Ezz laughed, and said, “Mother whispered in my ear, ‘Who will cook for all these people? What if a hundred people came — we’re not at home and I only have Ruqayya and our neighbor, who’s ill, and her daughter, and I can’t understand her.’ So I whispered, ‘Don’t worry, we’ll arrange things later. We shouldn’t whisper something that might reach the ears of our guests.’ She whispered back, ‘They have relatives that are coming from the Beqaa and from Baalbek. What if they turned out to be a thousand, what would I do?’ So I got up and sat in another place!”
Ezz burst out laughing, and got up.
“I’ll go home and reassure them before they go to sleep. I really needed to talk about that sudden anxiety; I couldn’t sleep without talking about it. I’ve gotten it off my chest and now I’m relaxed. Good night.”

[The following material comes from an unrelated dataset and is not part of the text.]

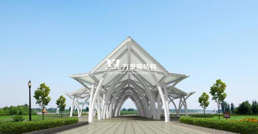 海寧市臨杭新區(qū)龍渡湖景觀綠化一期(張拉膜)工程位于海寧市許村鎮(zhèn)鎮(zhèn)政府以西1.5公里處,人民路以南、錦繡路以西。建筑面積約為1300㎡,長(zhǎng)80米,寬28米,該工程采用PTFE膜材,為整體骨架支撐式結(jié)構(gòu)。許村鎮(zhèn)位于海寧市西端,是海寧接軌杭州的橋頭堡,該工程又位于許村鎮(zhèn)西端,距離杭州市余杭區(qū)2.5公里,在連接許村鎮(zhèn)與余杭區(qū)的主干道人民大道旁,周邊沒(méi)有大型休閑廣場(chǎng),該建筑物已成為當(dāng)?shù)匾粋€(gè)重要景觀休閑場(chǎng)所。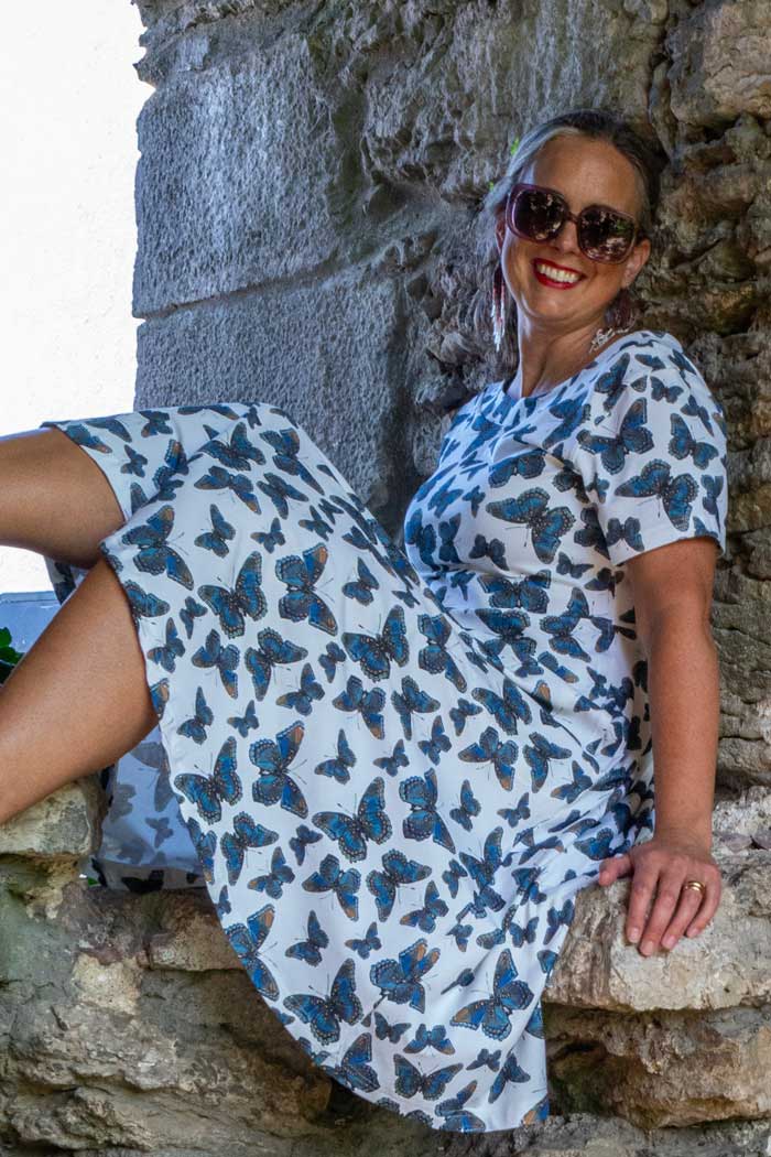 Vi erbjuder klänningen i storlekar upp till 3XL (precis om med alla våra modeller), vilket gör Malin till ett inkluderande och medvetet val – en färgglad klänning som passar många kroppstyper. Matcha gärna med boots, leggings eller en stickad kofta för en både praktisk och chic look. När du bär Malin ButterflyDenim white gör du inte bara ett stilval – du gör ett medvetet val för kvalitet, färg och hållbarhet.

Some of the people got their permits and some didn’t. Most of those who were invited from Tripoli and the Beqaa weren’t able to participate in the wedding, so my aunt wasn’t obliged to cook for a thousand people. Despite her constant worry she was singing and humming and welcoming the guests. They bridged the distance from the bride’s house and the surrounding houses, where her family and relatives lived in the camp, to my uncle’s house in old Sidon. The young men set up the dabka circles in the camp and in Sidon, where the people of the neighborhood shared in the dabka and the call and response of the ataba, miijaanaa, and ooof songs. Even the wedding procession was held according to custom. My uncle brought a horse from one of his friends; they decorated it and Ezz rode it, after his friends had taken him to the public bath and sung the customary songs to him: “The handsome young man comes from the bath, God and his names protect him,” and “O you with the kufiyeh and cords, where did you hunt this gazelle?” I sang with my aunt and the bride’s mother and sisters:
Say to his mother, rejoice and be glad,
Perfume the pillows and bring henna for our hands.
The wedding is here and the couple is smiling,
The home is my home and the houses are mine—
We are engaged, let my enemy die!
Little Sadiq was clapping his hands and joining in the singing.

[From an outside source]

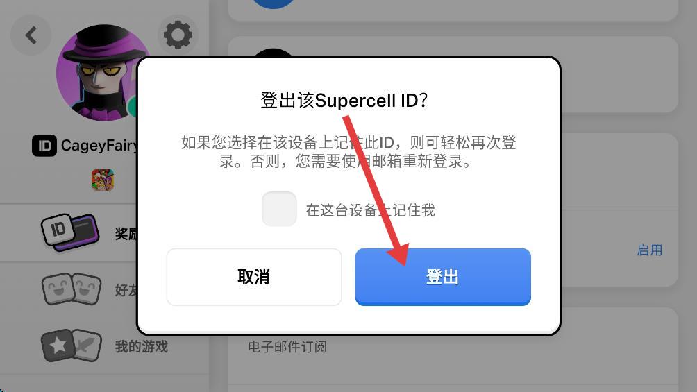3、在ID的设置页面,找到并点击登出选项。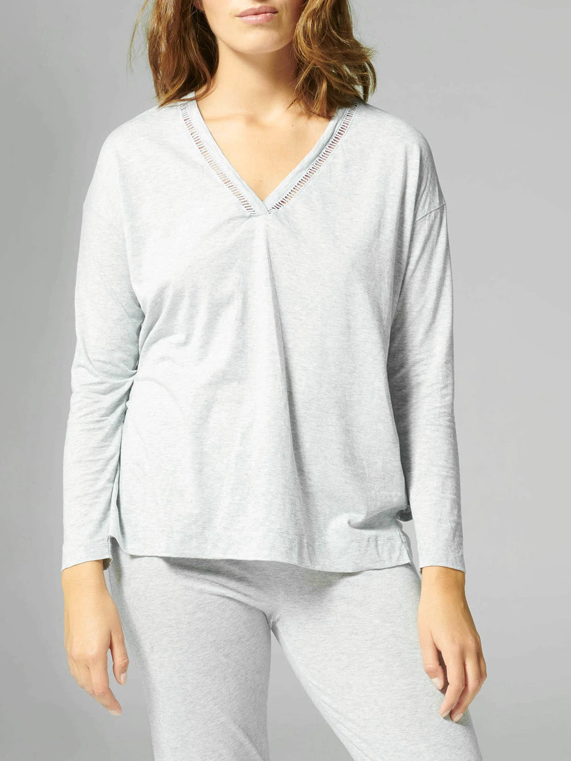 Long-sleeved sleepwear for the conscientious lounger. This long-sleeved top can be perfectly paired the Brume Night Pant. And, because it’s made from Brume range’s signature lyocell and cotton blend, it can be relied upon for naturally soft breathability that’ll keep you cool in summer and warm when the winter duvet reappears. It’s lightweight, easy to care for, while the clean lines with a plunging V-neck are helping make this a new slouchy and chic Simone Pérèle favourite.

My aunt outdid herself when she sang Ya Zareef al-Tuul —O Tall One. She added some lines to the familiar song which I had not heard before:
O tall one, O handsome, stop and let me say,
You’re going abroad, when your country would be best.
I’m afraid, O tall one, that you’ll settle there,
You’ll live with another, and let my memory go.
O tall one, O handsome, you with the laughing smile,
Tenderly raised by your mother and father,
O tall one, the day they took you far away
My hair went white and my back bent low.
O tall one, O handsome, you’re far from your own.
Don’t travel far away and leave us the blame!
If God wills you’ll return, we’ll return to the vines,
We’ll harvest the wheat, and gather what we grow.